Весь «пятачок» от сарая и до сосны, одиноко стоящей над склоном к реке, прорезан нашими траншеями. Зияют ямы, поднимаются горы песка вокруг мест былых захоронений. Если не считать скелетов коров и овец, на которые регулярно натыкались, научившись распознавать их присутствие раньше, чем расчистим останки, мы нашли шесть погребений. Все они относились к одному времени и оказались несколько моложе того погребения, что мы раскопали когда-то со Степаном возле магазина.
Золочёные стеклянные бусины, порой рассыпавшиеся от прикосновения ножа или кисти, серебряные височные кольца, украшенные мелкой потускневшей зернью, незатейливые перстеньки из позеленевшей бронзовой проволоки и единственный целый горшок, стоявший в ногах первого найденного нами захоронения, согласно указывали на двенадцатый-тринадцатый века, когда они были изготовлены, — время расцвета владимиро-суздальской Руси, время взлёта её культуры и могущества, так резко оборванного татарским нашествием.
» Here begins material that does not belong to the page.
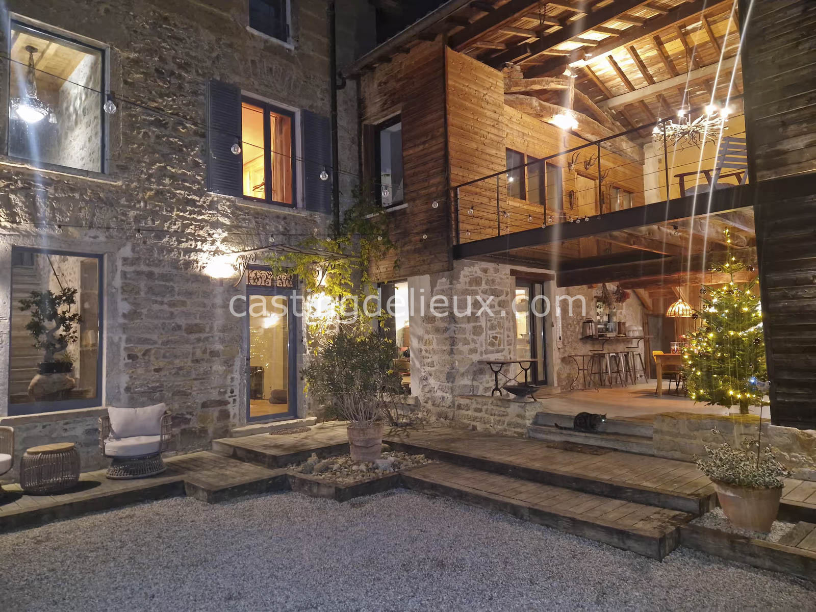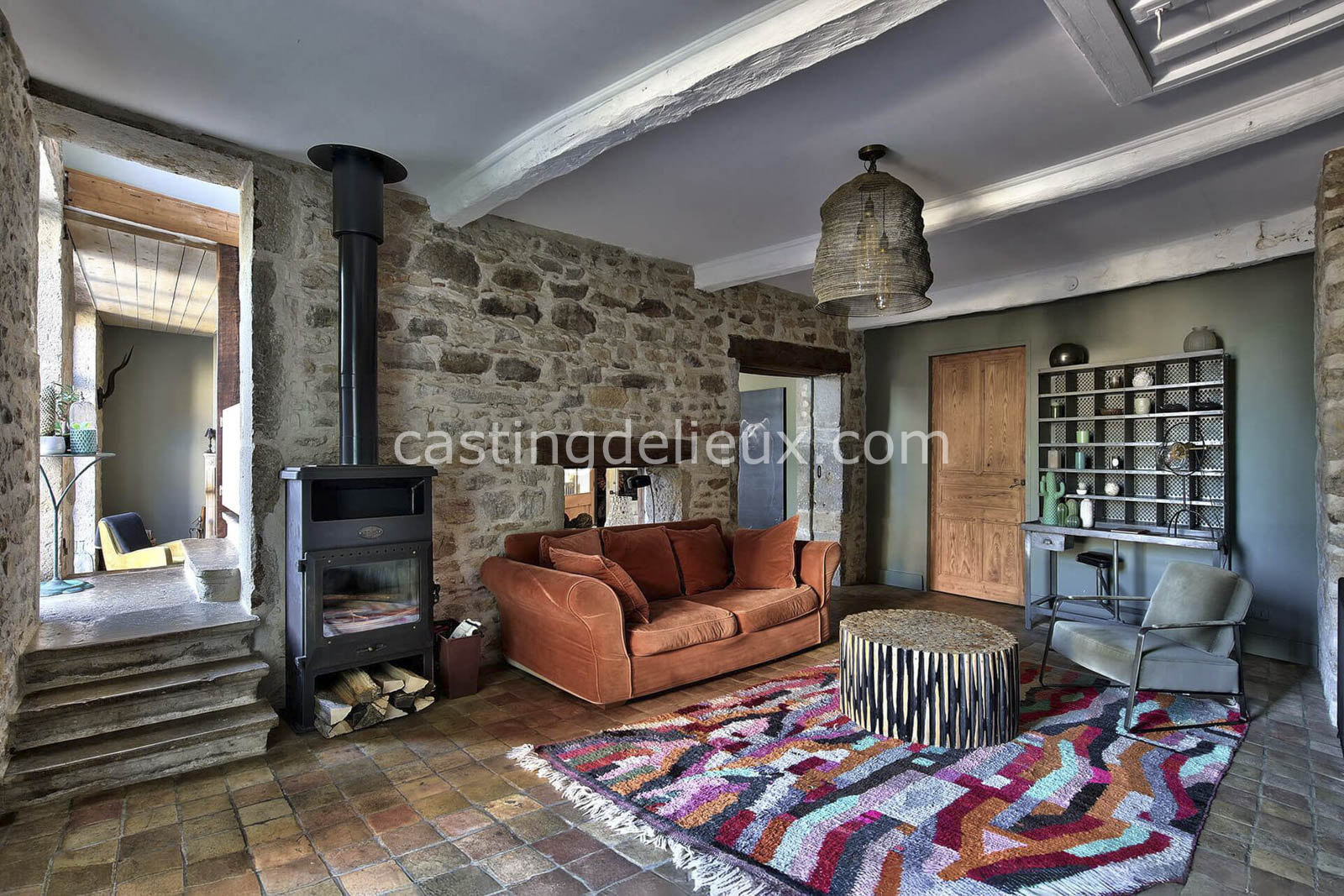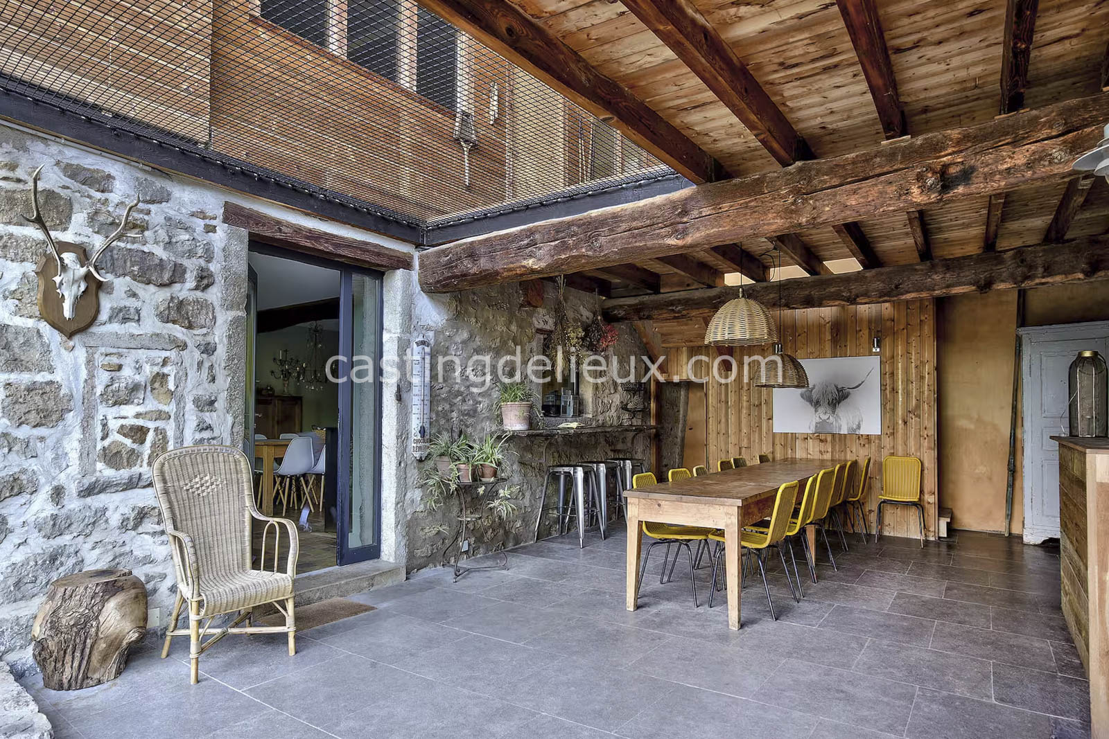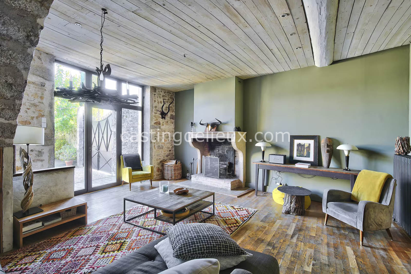 | Ambiance intérieure | Patio, Grande hauteur sous plafond, Verrière / baie vitrée, Pierre apparente, Sol bois / parquet, Tomettes / carrelage ancien, Cheminée, Charpente / poutres apparente, Ambiance rustique |

Загадочное время, загадочная земля! Что мы знаем о той эпохе? Ничтожно мало. Да и то, что знаем, относится скорее не к знанию, а к догадкам.
Летописи, дошедшие до нас, повествуют больше о Киевской Руси, о Великом Новгороде на Волхове. А в это же время под защитой лесов, спасающих от степных набегов, между Окой и Волгой, крепнет, растёт, ширится своя Русь, обильная сёлами, деревнями, городками, тучными полями и стадами, со своими центрами культуры, признающими Киев, и Смоленск, и Новгород, но уже напрямую связанными с западнославянскими странами, откуда приходят сюда и купцы и мастера. Именно здесь, среди лесов, перелесков, на просторах владимирского Ополья, надо искать древнейший «корень» России, питавшийся глубинными родниками народных сил, которые позволили пережить и страшный погром татарский, и неустроенность последующих веков, чтобы Россия могла предстать обновлённой физически и духовно, с верой в собственный путь и призвание.
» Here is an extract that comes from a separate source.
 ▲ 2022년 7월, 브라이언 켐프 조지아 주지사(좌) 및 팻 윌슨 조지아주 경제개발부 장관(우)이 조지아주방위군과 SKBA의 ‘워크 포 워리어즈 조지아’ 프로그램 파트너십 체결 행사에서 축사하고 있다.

Вот и те люди, останки которых мы так бережно расчищаем, зарисовываем, фотографируем… Не чужие они нам, нет! Они связывают нас с теми, кто оставил свои черепки на Александровой горе над Плещеевым озером, те, в свою очередь, с теми, кто оставлял, пополнял своими черепками слои Польца. И теперь каждая новая наша находка словно приподнимает маленький уголок тяжёлой завесы, скрывающей от нас прошлое, хранившееся здесь под ногами и огородами…
Много здесь загадочного и непонятного. Например, сам могильник. Он грунтовой: ямы выкопаны в земле, но над захоронениями нет и не было курганных насыпей. А более ранние могильники, которые раскапывали Уваров и Савельев, как раз курганные; да и в других местах, например, под Москвой, курганные насыпи ещё продолжали возводить в это время. Значит, здесь, на берегах Плещеева озера, не только успели произойти какие-то серьёзные сдвиги в сознании людей, но и вся здешняя жизнь далеко ушла вперёд по сравнению с другими территориями. Не случайно, рассматривая найденные нами украшения, Вадим заметил, что все они вышли из рук городских, а не сельских ремесленников.
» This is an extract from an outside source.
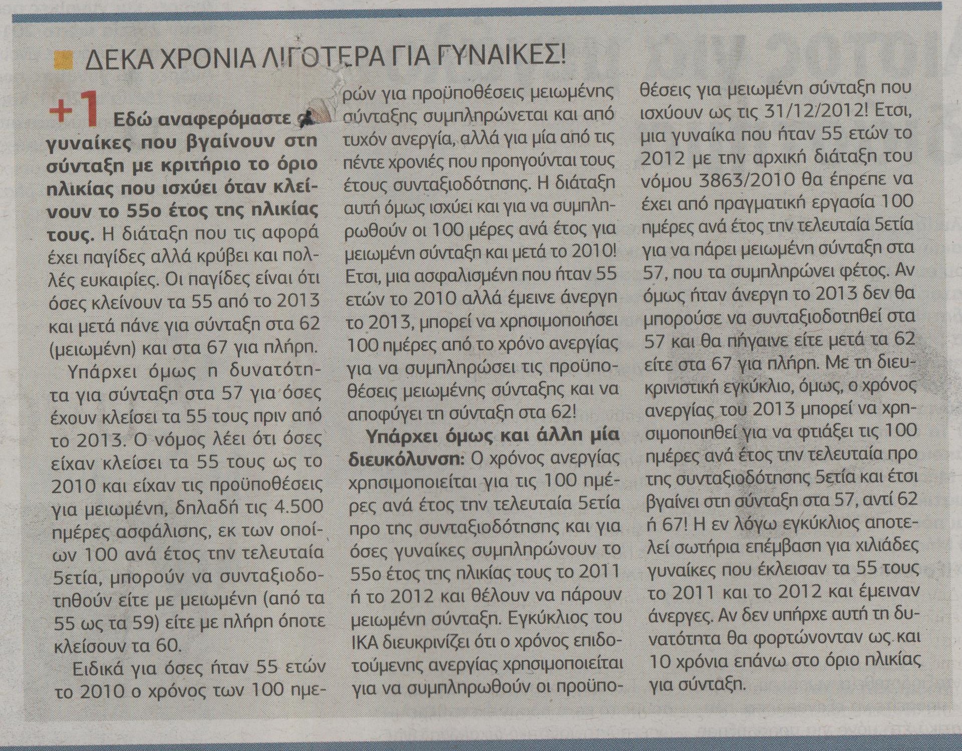 Η έξοδος με 35ετία στα 58 ισχύει βέβαια για πολλούς, αλλά υπάρχουν και άλλες 7 κατηγορίες ασφαλισμένων που μπορούν να ξεκλειδώσουν τις προϋποθέσεις συνταξιοδότησης στα 58 με λιγότερο χρόνο ασφάλισης. Υπάρχει μάλιστα και μία διάταξη-έκπληξη για τις γυναίκες που έκλεισαν τα 55 τους ως το 2012, η οποία “κατεβάζει” ως και 10 χρόνια το όριο ηλικίας για όσες βγουν στη σύνταξη το 2014.

Где жили эти люди? Вероятнее всего, там, где стоит современное Усолье, за рекой, охраняя и соляные источники, и единственный с северо-запада путь к Плещееву озеру, во владимирское Ополье. Здесь был «форпост» Переславля, «застава богатырская», а за рекой, за водной преградой, испокон веку отделявшей мир живых от мира мёртвых, — вот это самое кладбище древних усольцев, неожиданно открытое нами.
Столь же неожиданное, как погребение номер семь, которое мы нашли сегодня.
К этому времени все возможности площадки были, казалось нам, уже исчерпаны. Мы зачистили даже стенки ямы, которую местные ребятишки выкопали возле сосны лет десять назад, а также полностью проследили очертания «щели», на месте которой, судя по воспоминаниям старожилов, тоже было два или три погребения. Оставалось проверить небольшое пространство возле прежней помойной ямы, на которую мы наткнулись в первый же день раскопок.
Здесь и была заложена последняя траншейка.
— Вот-вот, — как всегда зубоскалит Саша. — Сейчас только находки успевай, Васильич, отмечать да этикетки выписывай: кастрюля суповая эмалированная, артикул, как её там?.. Фрагмент алюминиевой ложки с утраченным черенком, обломок лопаты штыковой большой, фрагмент фарфорового блюда общепитовского, бутылка пол-литровая…
За эти дни помахали мы лопатами от души, и мозоли на наших изнеженных за зиму и ослабевших руках — первое тому свидетельство, как, впрочем, и кубометры песка, громоздящиеся вокруг.
Судя по расположению древних могил, теснившихся ближе к реке, вряд ли мы могли рассчитывать здесь на что-то интересное. Так, больше для очистки совести: если нельзя копать на месте сарая, то хоть рядом проверить. Но именно здесь мы и нашли яму.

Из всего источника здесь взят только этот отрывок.